METHODS IN CELL PHYSIOLOGY

Cell-permeable peptide-based disruption of endogenous PKA-AKAP complexes: a tool for studying the molecular roles of AKAP-mediated PKA subcellular anchoring

¹Centre National de la Recherche Scientifique (CNRS) UMR5232, Centre de Pharmacologie et d'Innovation dans le Diabète, Faculté de Pharmacie, Université de Montpellier 1; ²Institut National de la Santé et de la Recherche Médicale (INSERM) U376, Centre Hospitalier Universitaire Arnaud-de-Villeneuve; ³CNRS FRE-3009; and ⁴INSERM U896, Centre Régional de Lutte Contre le Cancer, Val d'Aurelle-Paul Lamarque, Montpellier, France

Submitted 21 April 2008 ; accepted in final form 3 December 2008

Stimulation of numerous G protein-coupled receptors leads to the elevation of intracellular concentrations of cAMP, which subsequently activates the PKA pathway. Specificity of the PKA signaling module is determined by a sophisticated subcellular targeting network that directs the spatiotemporal activation of the kinase.

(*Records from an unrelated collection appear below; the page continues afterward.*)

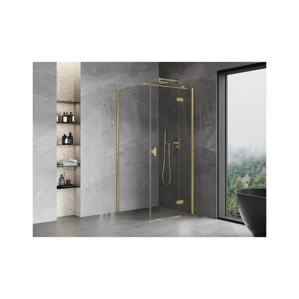 Mexen Mist H T, sprchový kút s výklopnými dverami pravý 110 x 110 cm, číre sklo, zlatá matná, 8A5T-110-110-55-00-P
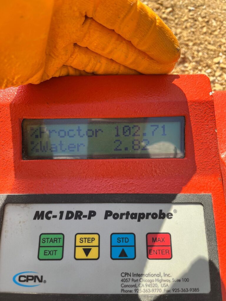 Arazide sıkışma kontrolü: Ya nükleer Proktor Testi ile bulunur, ya da kum konisi deneyi ile. Her iki yöntemde de laboratuvar da yapılan proktor deneyinden elde edilen yoğunluk ve nem değerleri kullanılır.
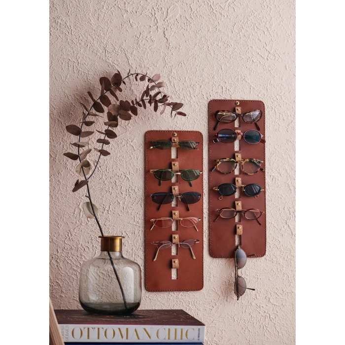 The Handmade Leather Glasses Stand is crafted from 100% genuine leather and produced entirely through handcrafted techniques, offering a refined way to store and display glasses.
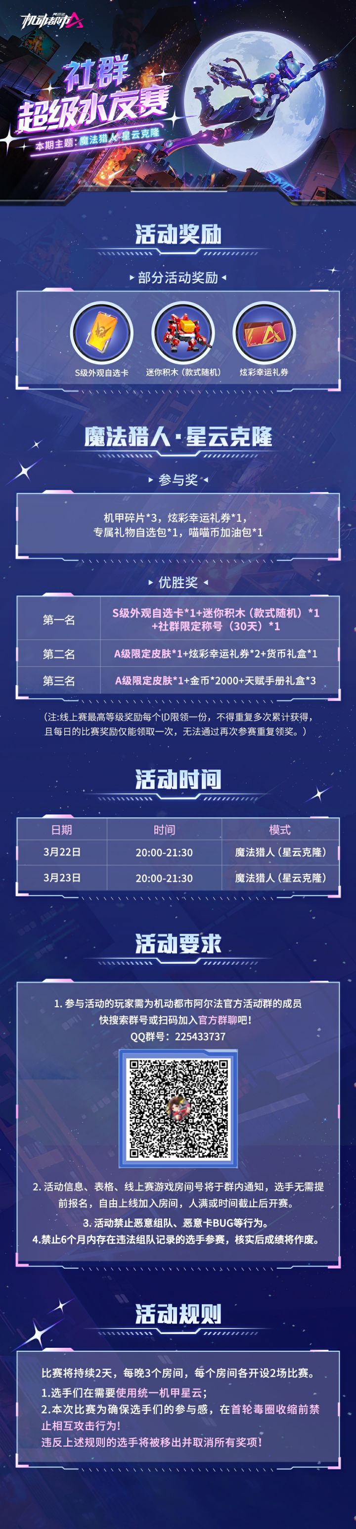 夜幕降临,狩猎开启,将星辰装入弹匣,用机甲星云一决胜负吧!本期水友赛主题为:魔法猎人-星云克隆!在魔法猎人模式中,决出谁是最强星云使用者吧!加入官方社群,参加水友赛,S级皮肤自选卡、迷你积木周边、炫彩幸运礼券等你拿!详情请戳长图了解~*注:本次水友赛为周五、周六晚开赛,选手们不要错过时间哦~
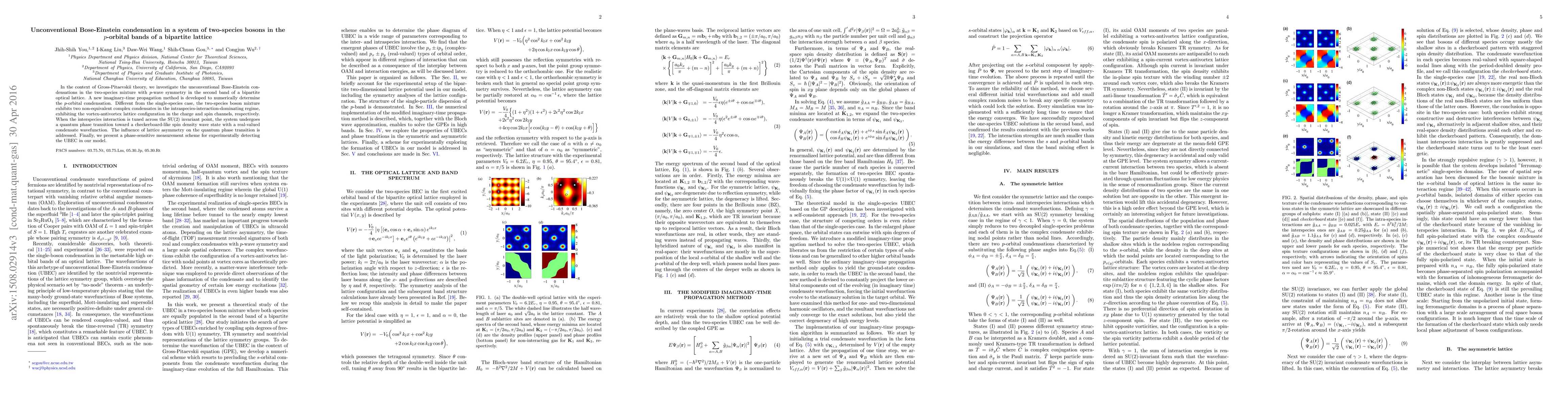 This paper explores unconventional Bose-Einstein condensation in a two-species boson mixture with $p$-wave symmetry in a bipartite optical lattice, revealing distinct complex condensates and a quantum phase transition to a spin density wave state, with a proposed method for experimental detection.
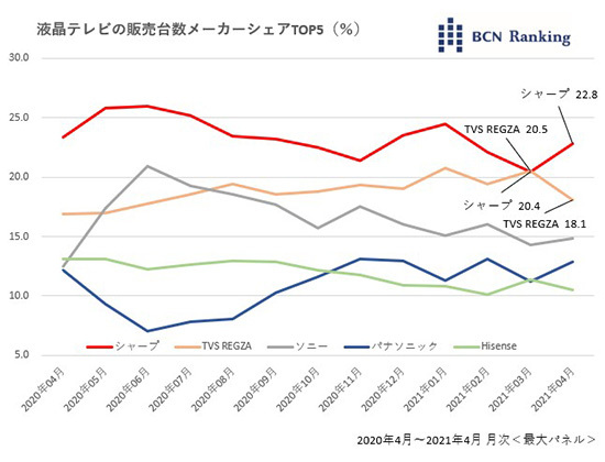 4月の液晶テレビメーカー別販売台数シェアは、シャープが22.8%でトップ、REGZAが18.1%で2位。以下、ソニーが14.8%、パナソニックが12.8%、Hisenceが10.5%で続いた。16年5カ月の間、連続してトップシェアを守ってきたシャープが3月、0.1%の僅差ながらREGZAに破れ、初めて2位に後退。その後の動きに注目が集まっていたが、わずか1カ月でトップの座を取り戻した。
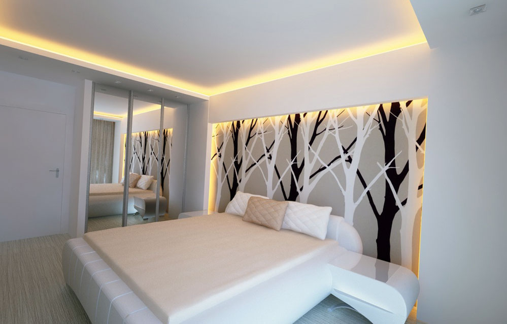 Les faux plafonds modernes avec éclairage dans la chambre vous permettent de monter des lampes de toutes formes et tailles. Ils doivent être économes en énergie et dégager de la chaleur. Vous pouvez utiliser une ampoule à incandescence, mais avec une capacité ne dépassant pas 60 watts.
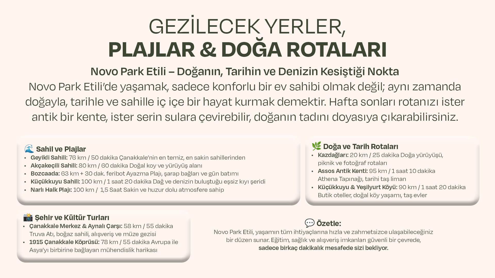 Novo Park Etili'de yaşamak, sadece konforlu bir ev sahibi olmak değil; aynı zamanda doğayla, tarihle ve sahille iç içe bir hayat kurmak demektir. Hafta sonları rotanızı ister antik bir kente, ister serin sulara çevirebilir, doğanın tadını doyasıya çıkarabilirsiniz.
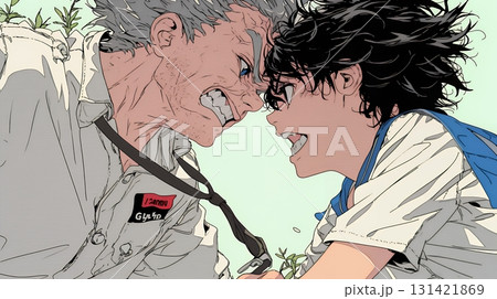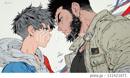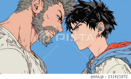 親子喧嘩:青年男子の息子と父親がいがみ合っている
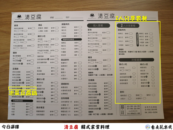 永大路近期開了台南第三間優衣庫路面店,所以來拍照取景時發現棧長總會有新發現,新店雷達的我搜尋到這間清豆腐,從招牌扛棒這樣看來會以為他是賣豆花或豆腐店,要不是旁邊寫著韓式家常菜我可能真的會一直誤會他。棧長前前後後路過此店三次,第一次到來只是拍拍外觀已經被座無虛席的來客數給嚇到,第二次也是如此,第三次我就決定來吃看看了,不然以我的個性要寫食記真的是看心情,因為愛吃不愛寫,所以幾乎吃15餐寫不到一間~哈哈。

This specific compartmentalization mechanism occurs through high-affinity interactions of PKA with A-kinase anchoring proteins (AKAPs), the role of which is to target the kinase to discrete subcellular microdomains. Recently, a peptide designated "AKAPis" has been proposed to competitively inhibit PKA-AKAP interactions in vitro. We therefore sought to characterize a cell-permeable construct of the AKAPis inhibitor and use it as a tool to characterize the impact of PKA compartmentalization by AKAPs. Using insulin-secreting pancreatic β-cells (INS-1 cells), we showed that TAT-AKAPis (at a micromolar range) dose dependently disrupted a significant fraction of endogenous PKA-AKAP interactions. Immunoflurescent analysis also indicated that TAT-AKAPis significantly affected PKA subcellular localization. Furthermore, TAT-AKAPis markedly attenuated glucagon-induced phosphorylations of p44/p42 MAPKs and cAMP response element binding protein, which are downstream effectors of PKA. In parallel, TAT-AKAPis dose dependently inhibited the glucagon-induced potentiation of insulin release. Therefore, AKAP-mediated subcellular compartmentalization of PKA represents a key mechanism for PKA-dependent phosphorylation events and potentiation of insulin secretion in intact pancreatic β-cells. More interestingly, our data highlight the effectiveness of the cell-permeable peptide-mediated approach to monitoring in cellulo PKA-AKAP interactions and delineating PKA-dependent phosphorylation events underlying specific cellular responses.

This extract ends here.